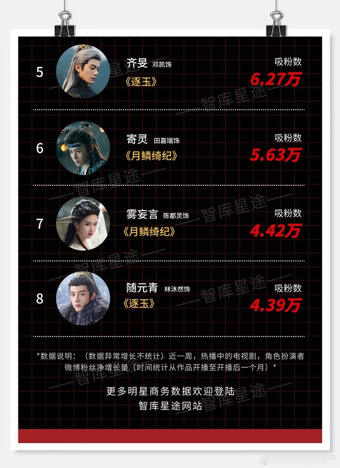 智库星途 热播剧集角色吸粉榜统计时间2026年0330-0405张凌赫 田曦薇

---

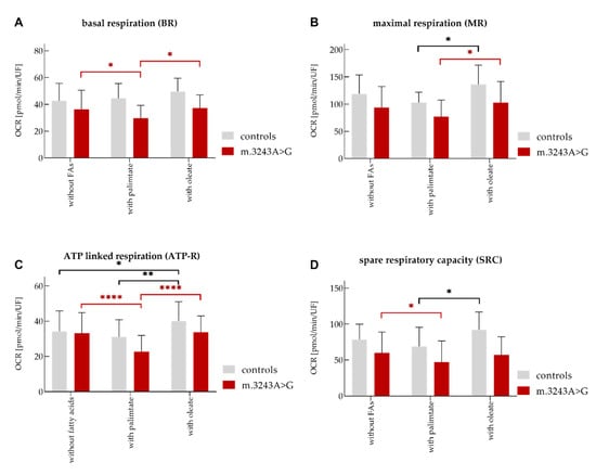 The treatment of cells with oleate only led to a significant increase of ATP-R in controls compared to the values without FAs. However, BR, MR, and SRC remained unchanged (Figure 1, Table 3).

* * *

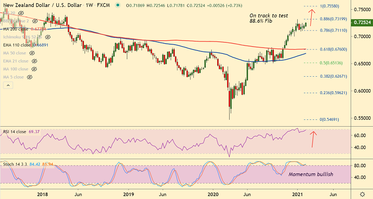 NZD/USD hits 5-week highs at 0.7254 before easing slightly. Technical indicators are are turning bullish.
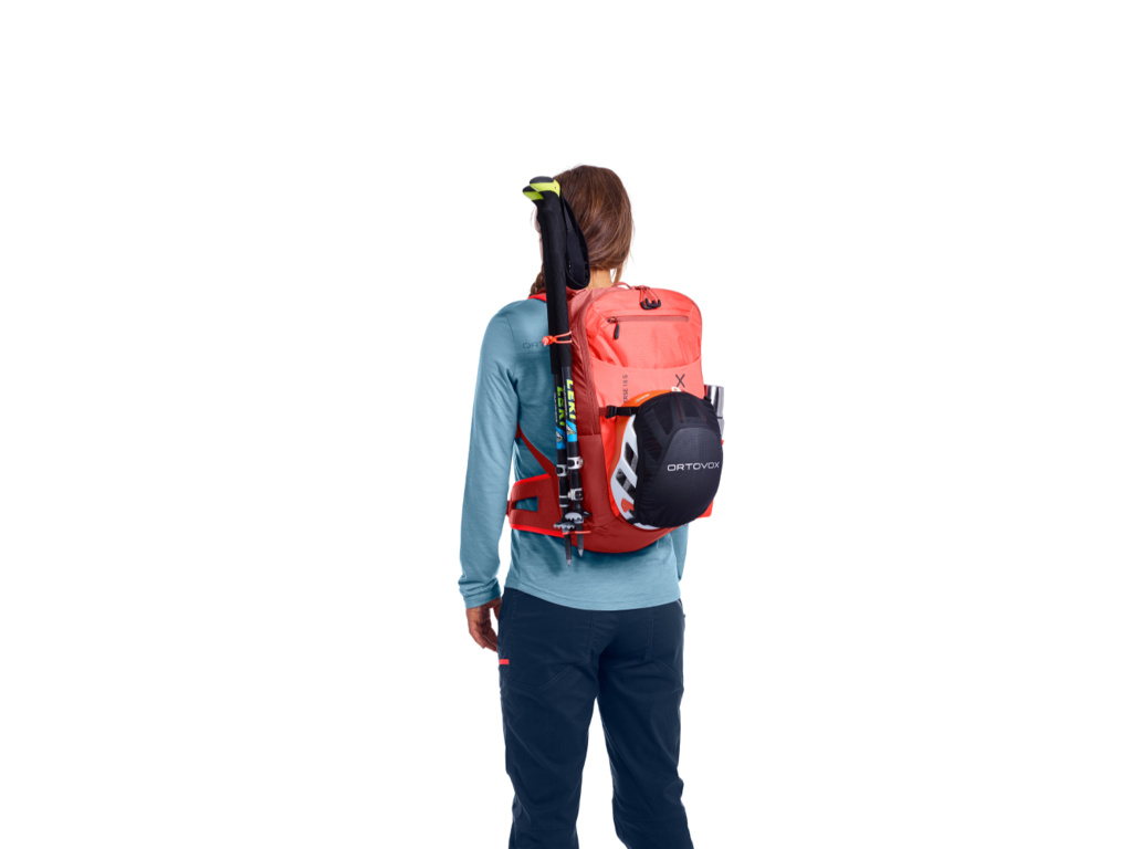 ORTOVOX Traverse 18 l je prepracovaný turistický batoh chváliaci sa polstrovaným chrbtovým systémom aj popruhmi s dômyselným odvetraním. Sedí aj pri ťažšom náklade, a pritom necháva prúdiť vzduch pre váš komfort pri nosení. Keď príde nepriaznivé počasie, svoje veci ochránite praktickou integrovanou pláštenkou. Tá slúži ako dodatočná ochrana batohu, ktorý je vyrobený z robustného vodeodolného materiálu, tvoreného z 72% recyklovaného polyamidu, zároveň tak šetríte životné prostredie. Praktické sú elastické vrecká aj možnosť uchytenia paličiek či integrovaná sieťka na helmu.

▶ _Exercise_
The stretch to restate runs from the line above containing "NZD/USD hits 5-week" through the line containing "ORTOVOX Traverse 18". Copy it word for word, ends included, without pictures.

▶ _Response to the exercise_
 NZD/USD hits 5-week highs at 0.7254 before easing slightly. Technical indicators are are turning bullish.
 ORTOVOX Traverse 18 l je prepracovaný turistický batoh chváliaci sa polstrovaným chrbtovým systémom aj popruhmi s dômyselným odvetraním. Sedí aj pri ťažšom náklade, a pritom necháva prúdiť vzduch pre váš komfort pri nosení. Keď príde nepriaznivé počasie, svoje veci ochránite praktickou integrovanou pláštenkou. Tá slúži ako dodatočná ochrana batohu, ktorý je vyrobený z robustného vodeodolného materiálu, tvoreného z 72% recyklovaného polyamidu, zároveň tak šetríte životné prostredie. Praktické sú elastické vrecká aj možnosť uchytenia paličiek či integrovaná sieťka na helmu.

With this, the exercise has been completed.